Взрыв на станции Оболь состава с авиабомбами и снарядами переполошил немцев. Весь гарнизон был поднят по тревоге. Немцы сбились с ног в поисках партизан. Они прочесали окрестные леса и, не найдя никого, ни с чем вернулись в посёлок. Майор Друлинг, комендант обольского гарнизона, был настолько взбешён диверсией, что готов был самолично пристрелить первопопавшегося на глаза. С трудом сдерживая гнев и ярость и опасаясь жестокого наказания со стороны начальства, он доложил командованию, что взрывы на станции Оболь были следствием налёта русской бомбардировочной авиации.
Нина Азолина, работавшая в комендатуре секретарём, приходила на службу немного раньше установленного времени и сразу приступала к работе. Помня о том, что немцы любят пунктуальность и точность, она старалась во всём поддерживать этот порядок. Нина садилась за свой стол, кивком головы здоровалась с переводчицей Терезой Оттовной, по рекомендации которой она была принята на работу в комендатуру. Нина была сдержанна в разговорах и служебные обязанности исполняла аккуратно, деловито и молча, что нравилось Друлингу.
Начальник гарнизона не прятал от подчинённых своей хитрости, а, наоборот, даже подчёркивал её. Он нарочно намекал почти во всём, что не доверяет не только Азолиной, но даже Терезе Оттовне. Видя в них ревностных и исполнительных служак, он поручал им многое, но не раскрывал служебных тайн и всегда относился к обеим с холодным пренебрежением и брезгливым высокомерием. По натуре он был надменен, груб, вспыльчив и никогда не умел владеть своими нервами. Даже на ближайших своих подчинённых немцев он смотрел искоса, едва удостаивая внимания.
Вернувшись из карательной экспедиции против партизан и не зная, на ком сорвать зло, Друлинг вызвал по телефону начальника обольской полиции Экерта и дал полную волю своему гневу. Он долго распекал Экерта за плохую охрану дороги полицаями, грозился расстрелять и повесить, если тот не поймает бандитов. Экерт поспешил сообщить Друлингу, что его люди уже изловили двух девчат, сестёр Лузгиных, которые, по его мнению, связаны с партизанами и у них при обыске было найдено немецкое обмундирование и он заключает из этого, что они убили немецких солдат.
Услышав это, Друлинг молча и испытующе посмотрел на Экерта, точно хотел уловить подвох, но лицо полицая, серое, осунувшееся, с испуганно-притаенным выражением в глубокосидящих глазах, красноречивее всего говорило о верности слов. В глазах Экерта Друлинг увидел рабскую покорность.

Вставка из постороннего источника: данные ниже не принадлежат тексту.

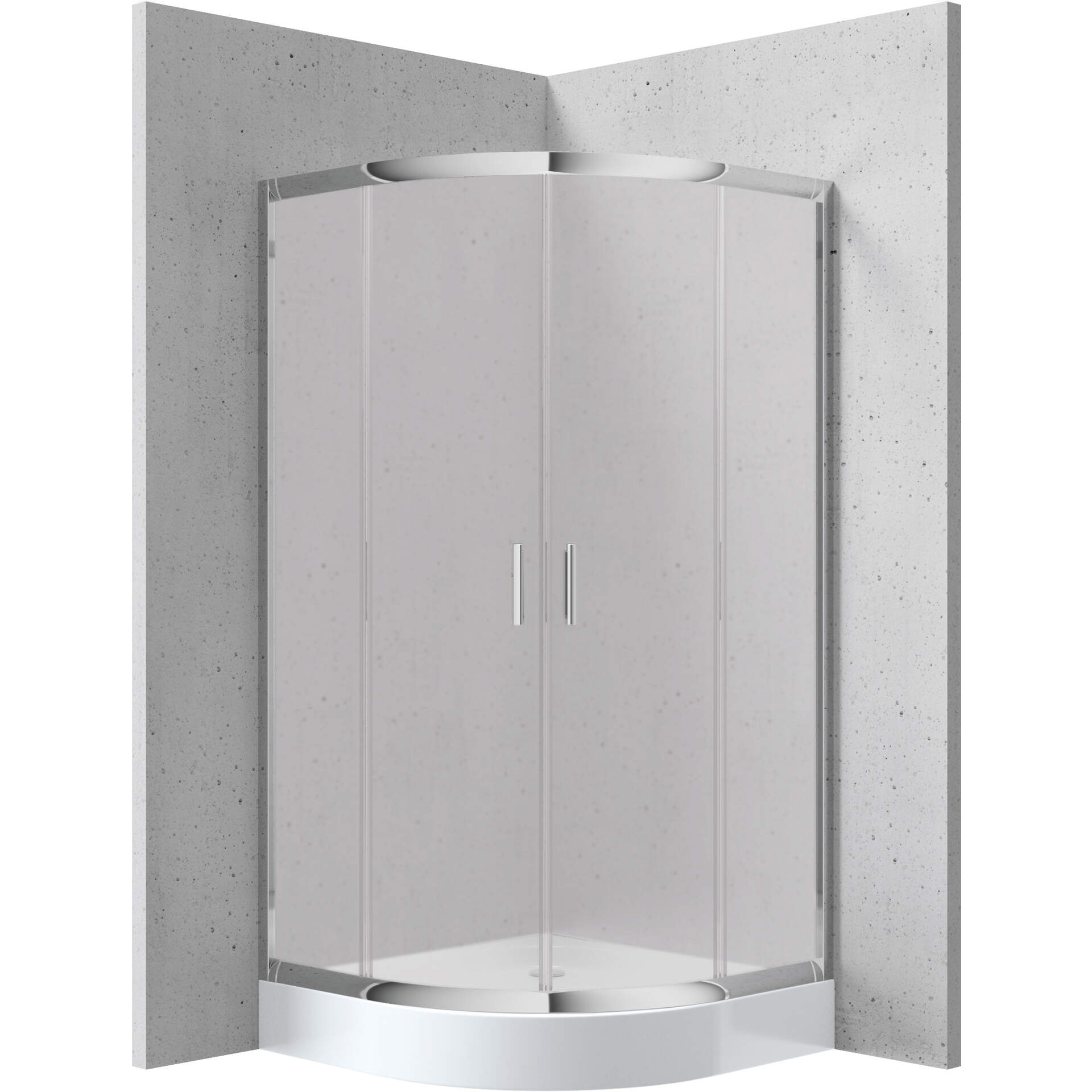 Półokrągła kabina prysznicowa Funkia przykuwa uwagę swoim designem. Szronione szkło hartowane w połączeniu z błyszczącym chromem to połączenia jakości i piękna. Może być zamontowana na brodziku lub bezpośrednio na płytkach. Produkt wyposażony został w system cichego zamknięcia i wypinane dolne rolki.
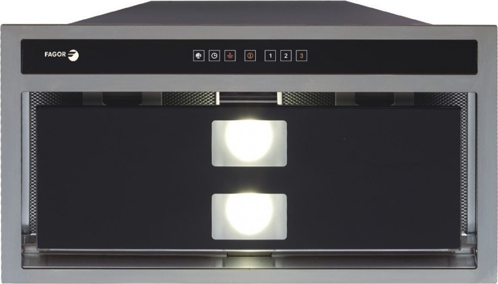 Vestavný odsavač par Fagor s dotykovým ovládáním, 5 stupni výkonu, LED osvětlením a výkonem odsávání až 710 m3 za hodinu.

— Они сознались? — спросил Друлинг.
— Нет.
— Они должны сказать всё.
— Едва ли они заговорят, — глухо возразил Экерт.
Друлинг подошёл к Экерту вплотную и процедил сквозь зубы:
— Тогда пытать. Слышишь, пытать.
— Они ничего не скажут.
Друлинг сел и, закуривая, медленно проговорил:
— Казнить публично! Чтобы все видели! Все! Понятно?
— Слушаюсь, — поспешно ответил Экерт и облегчённо вздохнул, будто скинул тяжкий груз с плеч. Он приподнялся со стула и хотел было уйти, думая, что на этом разговор окончился, однако Друлинг указал ему на место. И когда Экерт, поджав под себя полы пальто, вновь сел, Друлинг под строжайшим секретом посвятил начальника полиции в детали плана, который тот должен был осуществить.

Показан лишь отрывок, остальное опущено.